Oh, really? I was gonna say, because it’s an acronym, a three letter acronym…? [laughter]
Yes, that. No, you could kind of tell they were born out of Google because – just when I say those signals to you, they’re very based on this idea that you’d have this pure request-response. So those of us who work in the browser have made a session state in our life and watched a user click 500 things through that session, and seeing “This path will succeed, and this path will fail…” [laughs] And that’s just not – when you think about like the Google search, it doesn’t do it like that, right?
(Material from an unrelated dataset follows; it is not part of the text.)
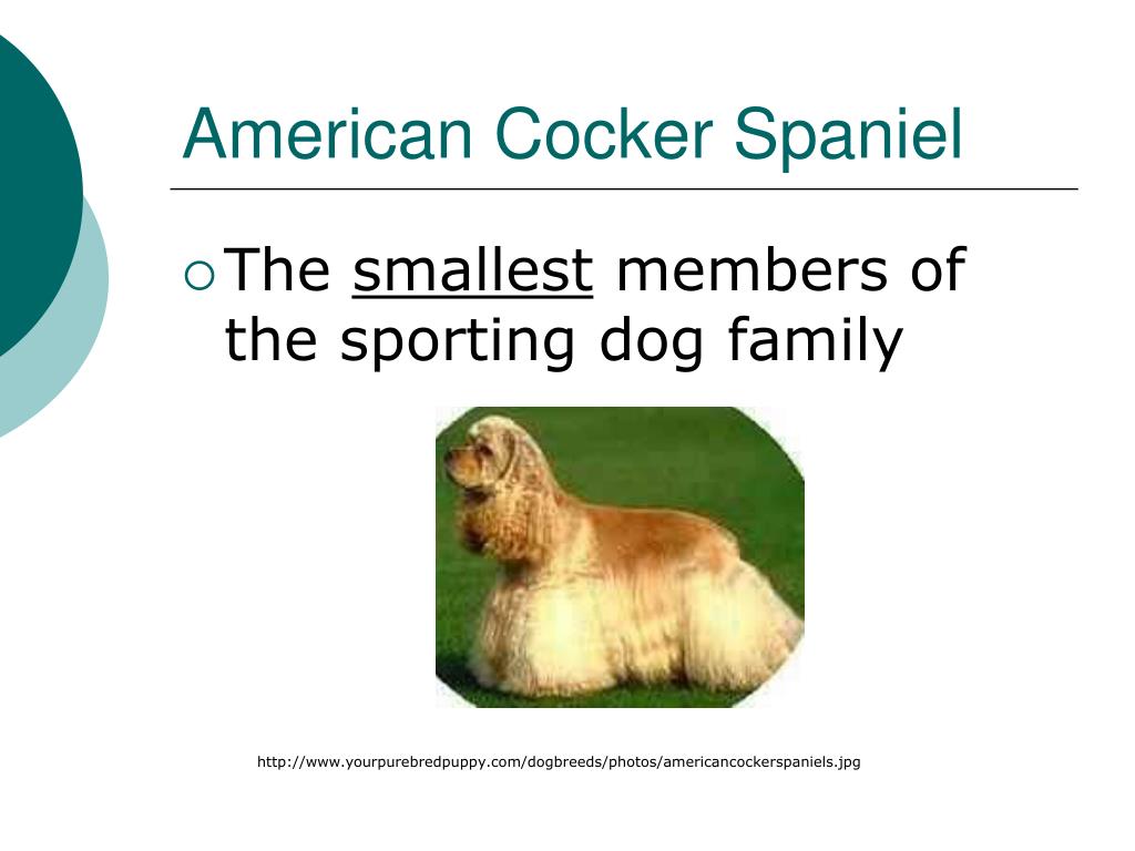 American Cocker Spaniel • The smallest members of the sporting dog family http://www.yourpurebredpuppy.com/dogbreeds/photos/americancockerspaniels.jpg
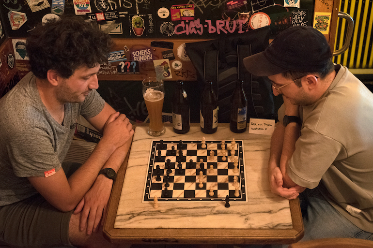 Ein klassischer Kneipensport ist Schach ja nicht. Die beiden Gäste stört’s wenig. Immerhin zählt Bier auch nicht als Doping beim Schach.

Yeah, absolutely. Yeah, how do you tie it all together, right? Like, what even is a metric? Is uptime enough? It’s like, how do you codify functional versus uptime? It’s really about uptime and function – anyways… So many things, there’s so much to talk about… I also need to take a cough break, so we will be right back. [laughter] Sorry, I’m already starting to cough. We’ll be right back, we’ll be right back…
Okay, Maggie, that was a really dense and interesting conversation… I feel like I need to listen to that again at 0.5x speed, with a notebook… Because you just dropped so many gems. And that’s what one of the things I really love about you. I’m gonna just shower you with praise, because you’re my friend and I love you. But yeah, just - I think your takes on SRE are not just like on point, but I love the perspective that you bring being this observer from a different community that’s really there to understand these practices, for better or worse, right?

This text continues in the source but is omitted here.